-- PROVIDED DATA follows --

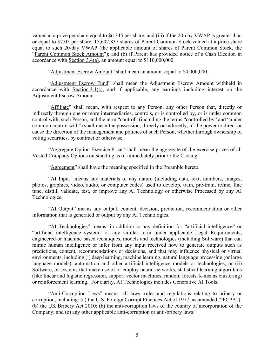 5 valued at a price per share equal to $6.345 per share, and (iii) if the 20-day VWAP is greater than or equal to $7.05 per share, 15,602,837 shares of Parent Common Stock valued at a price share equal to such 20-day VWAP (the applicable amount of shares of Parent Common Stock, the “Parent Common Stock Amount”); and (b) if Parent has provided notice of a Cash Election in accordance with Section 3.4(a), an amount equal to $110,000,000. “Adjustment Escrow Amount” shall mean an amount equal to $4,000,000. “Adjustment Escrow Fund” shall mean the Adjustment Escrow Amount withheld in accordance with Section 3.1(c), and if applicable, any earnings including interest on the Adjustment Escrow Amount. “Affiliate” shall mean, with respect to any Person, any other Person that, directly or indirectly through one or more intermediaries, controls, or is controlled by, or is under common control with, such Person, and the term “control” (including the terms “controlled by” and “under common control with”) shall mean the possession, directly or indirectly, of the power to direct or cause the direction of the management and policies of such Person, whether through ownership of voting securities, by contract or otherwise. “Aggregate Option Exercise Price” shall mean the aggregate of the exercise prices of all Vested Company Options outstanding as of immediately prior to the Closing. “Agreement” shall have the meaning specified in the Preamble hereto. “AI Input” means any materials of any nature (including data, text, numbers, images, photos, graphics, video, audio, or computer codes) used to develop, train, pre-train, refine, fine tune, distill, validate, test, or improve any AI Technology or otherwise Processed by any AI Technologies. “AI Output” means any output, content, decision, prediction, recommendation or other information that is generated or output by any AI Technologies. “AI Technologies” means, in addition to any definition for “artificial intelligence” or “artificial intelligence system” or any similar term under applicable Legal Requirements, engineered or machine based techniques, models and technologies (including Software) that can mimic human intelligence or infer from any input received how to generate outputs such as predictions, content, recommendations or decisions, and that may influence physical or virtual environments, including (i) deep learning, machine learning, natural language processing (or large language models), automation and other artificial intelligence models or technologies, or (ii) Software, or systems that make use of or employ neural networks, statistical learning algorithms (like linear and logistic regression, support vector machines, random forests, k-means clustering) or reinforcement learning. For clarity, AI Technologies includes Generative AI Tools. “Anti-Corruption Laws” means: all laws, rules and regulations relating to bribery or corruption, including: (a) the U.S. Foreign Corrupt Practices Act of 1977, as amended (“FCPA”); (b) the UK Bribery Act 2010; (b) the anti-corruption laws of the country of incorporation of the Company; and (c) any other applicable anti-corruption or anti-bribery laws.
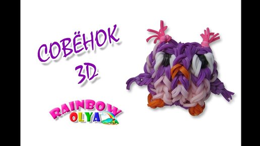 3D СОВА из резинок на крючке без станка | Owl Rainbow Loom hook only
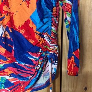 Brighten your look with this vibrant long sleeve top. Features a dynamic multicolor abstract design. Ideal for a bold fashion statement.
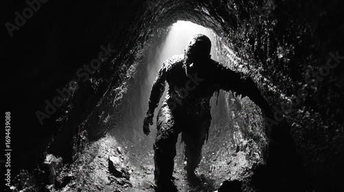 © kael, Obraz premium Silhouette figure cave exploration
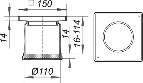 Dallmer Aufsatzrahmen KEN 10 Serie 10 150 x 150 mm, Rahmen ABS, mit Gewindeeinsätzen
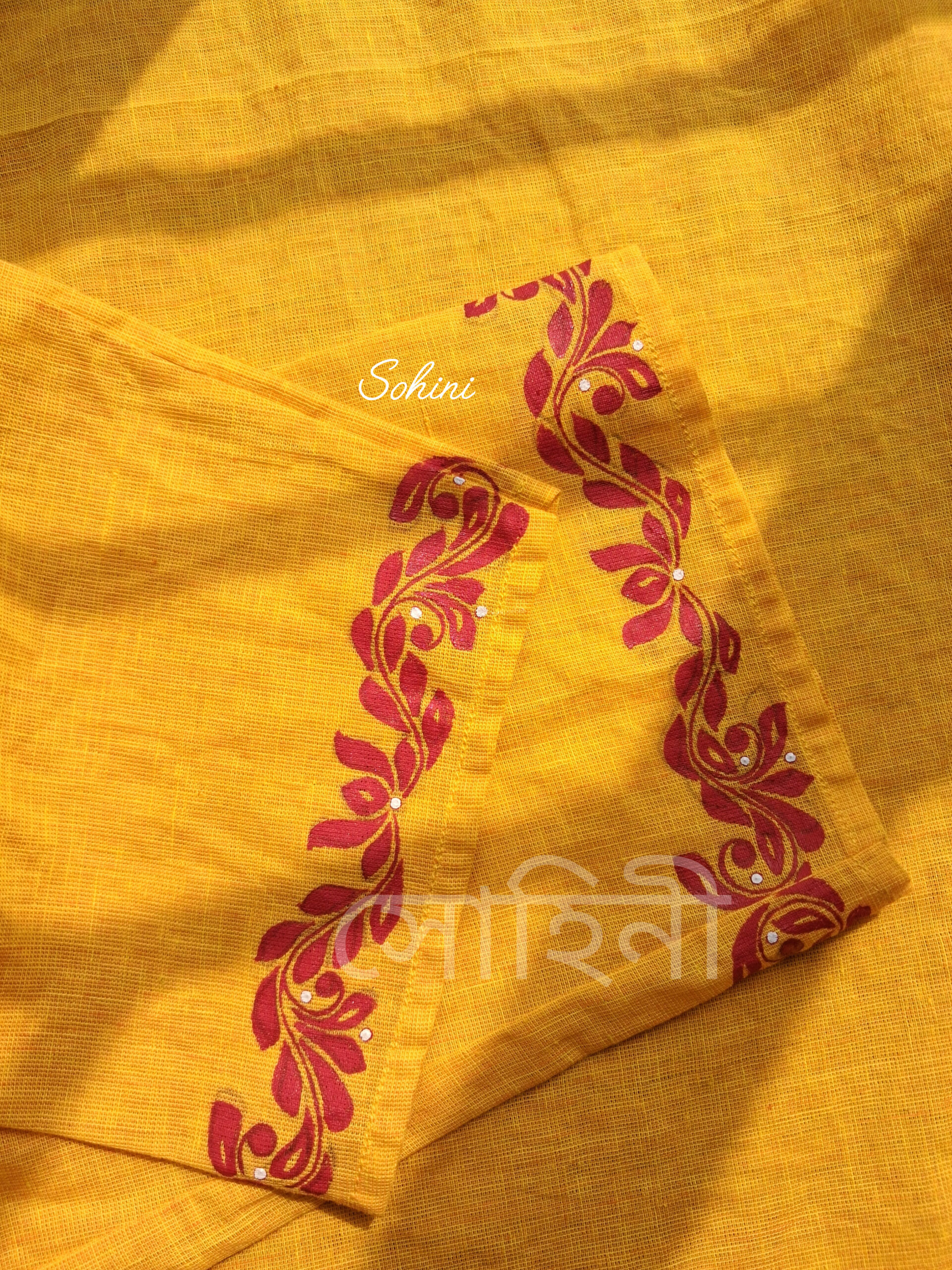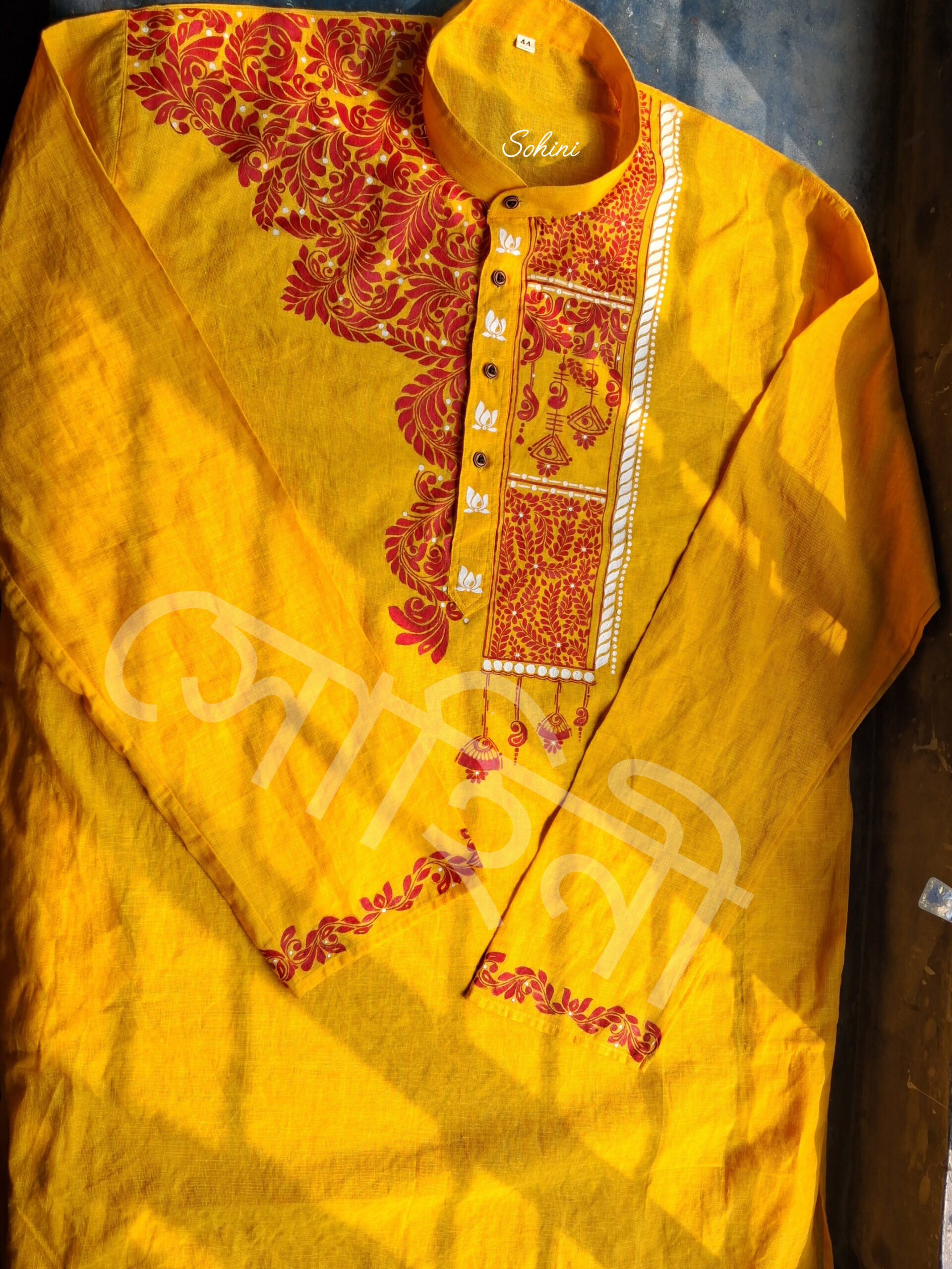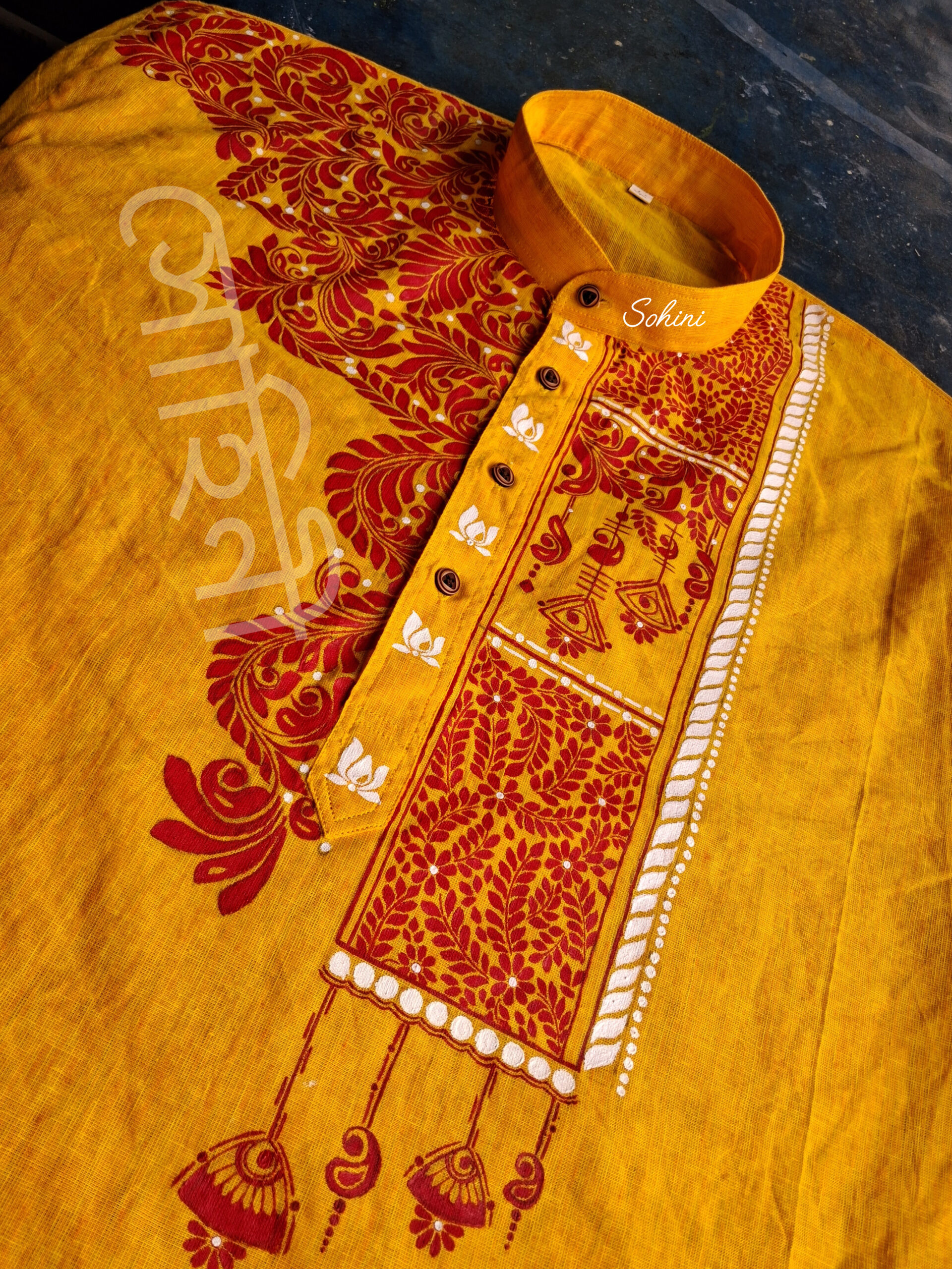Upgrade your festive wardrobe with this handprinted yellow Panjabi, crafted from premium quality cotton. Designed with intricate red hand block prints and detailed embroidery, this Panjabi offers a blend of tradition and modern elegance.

-- PROVIDED DATA concluded --

- **TASK REQUIREMENTS**
Retype the data above exactly. Leave the pictures out.

- **ANSWER SPACE**
 5 valued at a price per share equal to $6.345 per share, and (iii) if the 20-day VWAP is greater than or equal to $7.05 per share, 15,602,837 shares of Parent Common Stock valued at a price share equal to such 20-day VWAP (the applicable amount of shares of Parent Common Stock, the “Parent Common Stock Amount”); and (b) if Parent has provided notice of a Cash Election in accordance with Section 3.4(a), an amount equal to $110,000,000. “Adjustment Escrow Amount” shall mean an amount equal to $4,000,000. “Adjustment Escrow Fund” shall mean the Adjustment Escrow Amount withheld in accordance with Section 3.1(c), and if applicable, any earnings including interest on the Adjustment Escrow Amount. “Affiliate” shall mean, with respect to any Person, any other Person that, directly or indirectly through one or more intermediaries, controls, or is controlled by, or is under common control with, such Person, and the term “control” (including the terms “controlled by” and “under common control with”) shall mean the possession, directly or indirectly, of the power to direct or cause the direction of the management and policies of such Person, whether through ownership of voting securities, by contract or otherwise. “Aggregate Option Exercise Price” shall mean the aggregate of the exercise prices of all Vested Company Options outstanding as of immediately prior to the Closing. “Agreement” shall have the meaning specified in the Preamble hereto. “AI Input” means any materials of any nature (including data, text, numbers, images, photos, graphics, video, audio, or computer codes) used to develop, train, pre-train, refine, fine tune, distill, validate, test, or improve any AI Technology or otherwise Processed by any AI Technologies. “AI Output” means any output, content, decision, prediction, recommendation or other information that is generated or output by any AI Technologies. “AI Technologies” means, in addition to any definition for “artificial intelligence” or “artificial intelligence system” or any similar term under applicable Legal Requirements, engineered or machine based techniques, models and technologies (including Software) that can mimic human intelligence or infer from any input received how to generate outputs such as predictions, content, recommendations or decisions, and that may influence physical or virtual environments, including (i) deep learning, machine learning, natural language processing (or large language models), automation and other artificial intelligence models or technologies, or (ii) Software, or systems that make use of or employ neural networks, statistical learning algorithms (like linear and logistic regression, support vector machines, random forests, k-means clustering) or reinforcement learning. For clarity, AI Technologies includes Generative AI Tools. “Anti-Corruption Laws” means: all laws, rules and regulations relating to bribery or corruption, including: (a) the U.S. Foreign Corrupt Practices Act of 1977, as amended (“FCPA”); (b) the UK Bribery Act 2010; (b) the anti-corruption laws of the country of incorporation of the Company; and (c) any other applicable anti-corruption or anti-bribery laws.
 3D СОВА из резинок на крючке без станка | Owl Rainbow Loom hook only
 Brighten your look with this vibrant long sleeve top. Features a dynamic multicolor abstract design. Ideal for a bold fashion statement.
 © kael, Obraz premium Silhouette figure cave exploration
 Dallmer Aufsatzrahmen KEN 10 Serie 10 150 x 150 mm, Rahmen ABS, mit Gewindeeinsätzen
Upgrade your festive wardrobe with this handprinted yellow Panjabi, crafted from premium quality cotton. Designed with intricate red hand block prints and detailed embroidery, this Panjabi offers a blend of tradition and modern elegance.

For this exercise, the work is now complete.